Agora vamos partes: esforço para mostrar Portugal aos portugueses na televisão, sim!

Copaganda versão “coitadinho do manuelinho”, sim mil vezes sim (cá em casa quando o actor olha para o infinito e plange já é definitivamente uma “moitaflorice”).

Edição freestyle (ora é dia ora é noite ora é ontem de manhã) e iluminação como calha e ausência de anotadora para figurinos e barbas por fazer é mato... também temos muito linhas narrativas que não vão a lado nenhum, deixa lá isso que eventualmente isto há de ser estudado como objecto histórico.

Música (do António Vitorino d’Almeida) consegue ser sempre brilhante e inconveniente, porque demasiado alta que abafa o diálogo ou tão anterior que revela para onde a cena que acabou de começar vai acabar.

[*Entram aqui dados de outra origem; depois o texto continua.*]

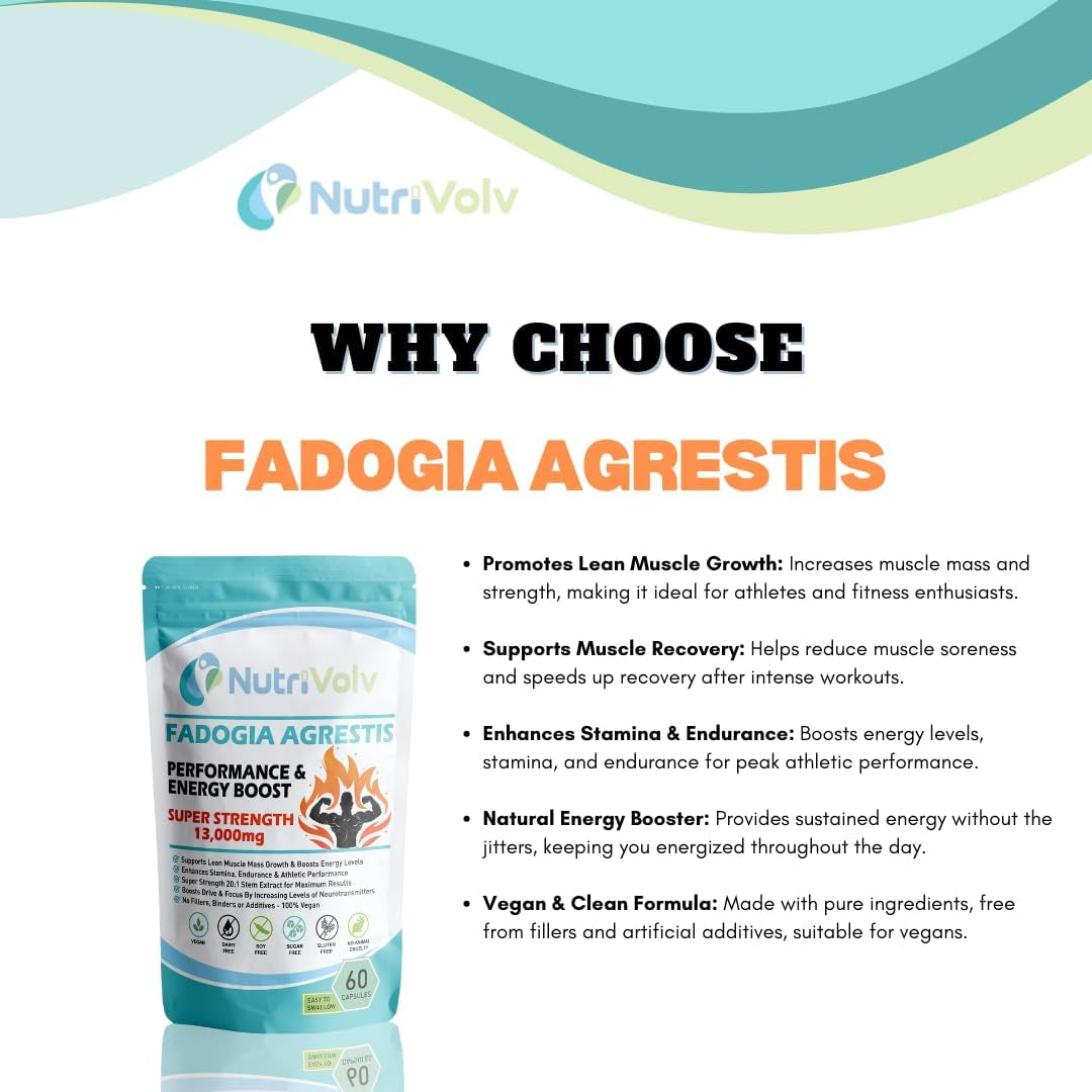 Introducing Nutrivolv Fadogia Agrestis 13,000mg, a super strength 20:1 extract designed to elevate your fitness and performance. These Fadogia Agrestis capsules provide powerful support for athletes and fitness enthusiasts seeking to enhance their strength and performance. Whether you're training for muscle growth or looking for a natural athletic performance booster, this supplement is formulated to help you reach your goals. Even common misspellings like fatogia agrestis or fadogia agrest point to the same potent, high-strength supplement that delivers exceptional results. Ideal for those looking for a test booster, Nutrivolv Fadogia Agrestis works as a natural muscle growth supplement, enhancing both workout endurance and testosterone levels. This bodybuilding supplement is perfect for athletes and individuals aiming to improve strength and stamina. As a vegan Fadogia Agrestis supplement, it offers an all-natural solution for both men and women, providing testosterone enhancing pills that aid in muscle performance and recovery. With its potent formula, this natural strength and endurance supplement supports lean muscle growth and faster recovery post-workout.
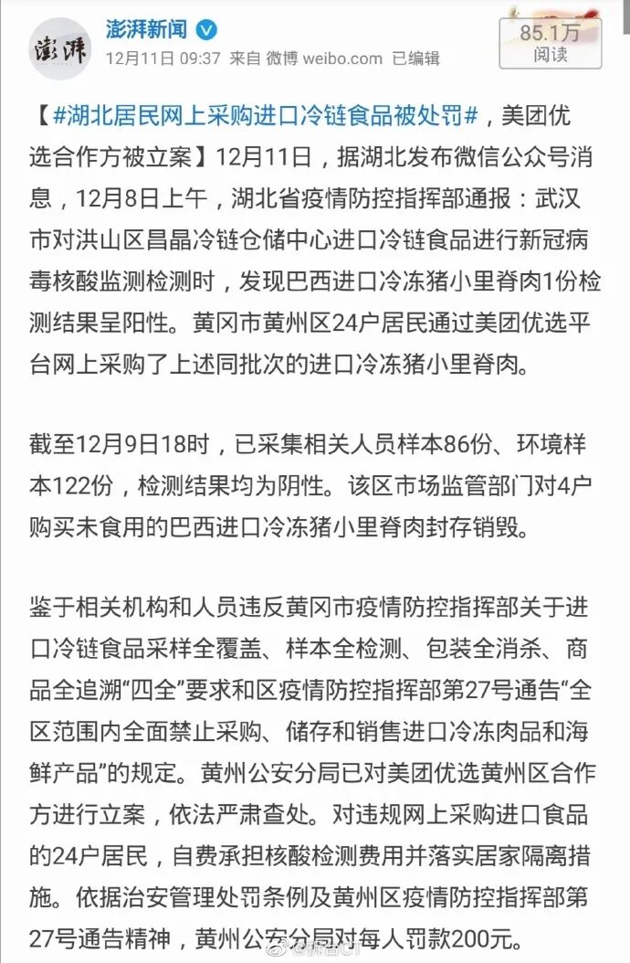 12月11日,据湖北发布消息,12月8日上午,湖北省疫情防控指挥部通报:武汉市对洪山区昌晶冷链仓储中心进口冷链食品进行新冠病毒核酸监测检测时,发现巴西进口冷冻猪小里脊肉1份检测结果呈阳性。黄冈市黄州区24户居民通过美团优选平台网上采购了上述同批次的进口冷冻猪小里脊肉。
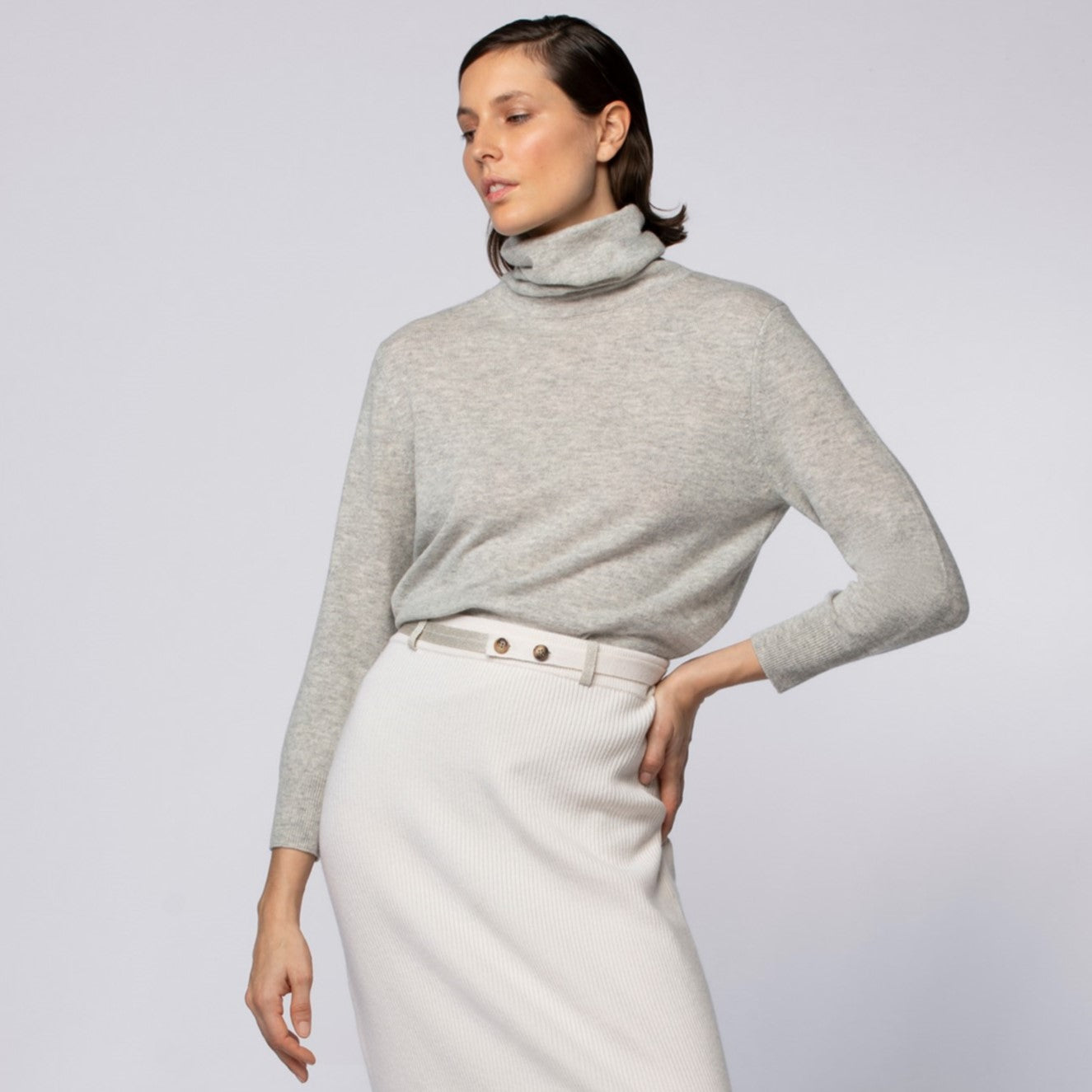 Confectionnée dans une maille côtelée en laine et cachemire, et dotée d'une ceinture mi-maille mi-lurex qui souligne la taille, notre jupe JULIE trouvera sa place dans toutes les garde-robes.
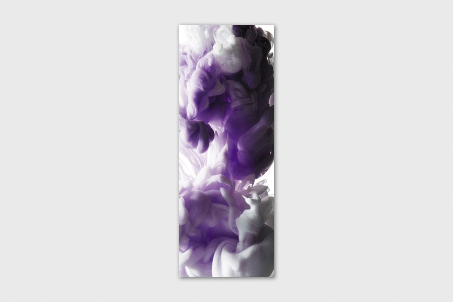 Υφασμάτινο αυτοκόλλητο ψυγείου που απεικονίζει λευκό και μωβ χρώμα να διαλύονται μέσα σε νερό.
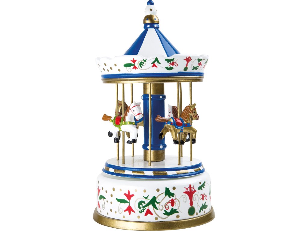 Krásná pestrobarevná hrací skříňka jako kolotoč, kde se 4 koně otáčí do melodie skladby „Love Story“. Cítíte tu vůni pečených mandlí, cukrové vaty a hudbu kolotočů? Hlavní vlastnosti: děti si tuto hračku jistě zamilují krásný doplněk do herny nebo dětského pokojepodporuje děti v kreativním a představivém hranídpovídá evropské bezbečnostní normě
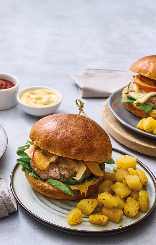 Hamburger di maiale con brie, mele al miele e patate
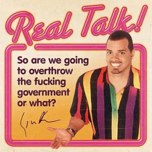 ID: photo of actor Sinbad in a neon pink frame, he has a wide slightly awkward smile, and has his hand out to gesture asking a question, above in pink neon letters it says: “Real talk!” and in the frame next to the photo it says in plain black text: “so are we going to overthrow the fucking government or what?”, with his signature bellow
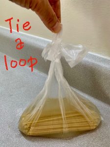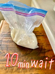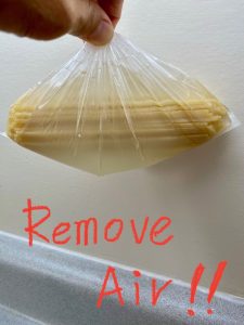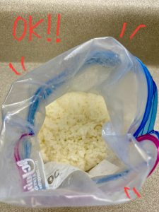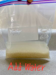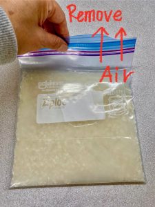 Today, I’m using a Ziploc bag, but even if you use a different type of plastic bag, the measuring technique is the same. When you check the water level, make sure the bottom of the bag is flat and level.
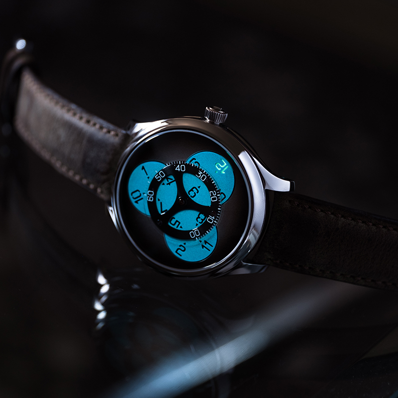時計回りに回転する分目盛が刻まれた透明なディスクと、その下にある3つのディスクの白く反転した数字が重なる部分で時刻を読み取る新しいコンプリケーション。
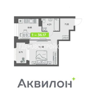 1-комн.Площадь: 36.17м2
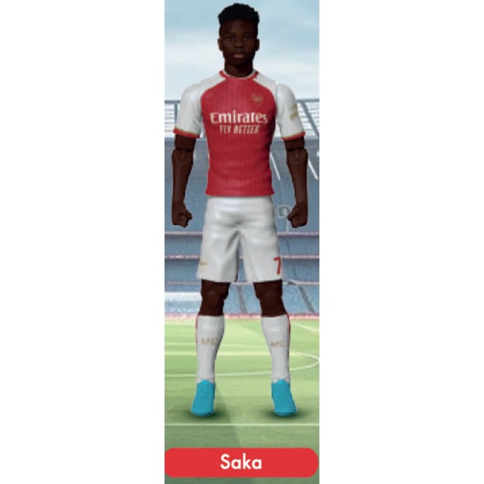 Fira en av Englands mest lovande talanger med denna Bukayo Saka-samlarfigur i Englands officiella landslagsdräkt med spelarens nummer. Figuren är cirka 20 cm hög och har 10 böjbara leder, vilket ger många möjligheter till actionfyllda poser och dynamisk lek. Den medföljande mini-fotbollen gör det enkelt att återskapa klassiska fotbollsögonblick och visar figuren på ett levande sätt i både lek och display. Med realistiska detaljer såsom klubbmärke, färger och spelarlikhet är detta ett måste för alla fotbollsälskare och samlare.

O que é que eleva a cena toda?

Primeiro a profunda realidade do guião. Por mais canhestro que seja o Moita Flores (e ele depois melhora)  isto é um magnífico primeiro esforço... e mais do que isso é mais pegado ao chão que o Zé Gato. Tens, só e completamente do ponto de vista do judite a pègre lisboeta toda, como não podia deixar de ser de um ex-judite como o Moita Flores, mas tens os desgraçados da droga dos anos 80 e 90, a velha chungaria das alcunhas, os bufos da movida, os amadores e os profissionais de cadastro, o eventual psicopata, o patologista que não usa luvas, o bófia ½ descontrolado que espeta umas estaladas dia sim dia sim, a tensão interna entre polícias que sabem ler e os que só lêem “A Bola”, a masculinidade tóxica menos desculpável do marido burguês da Rita, o peso do trabalho na vida dos gajos. Ao nível da copaganda, este é-me o mais desculpável, antes de mais porque soa do chão, da vida dos gajos.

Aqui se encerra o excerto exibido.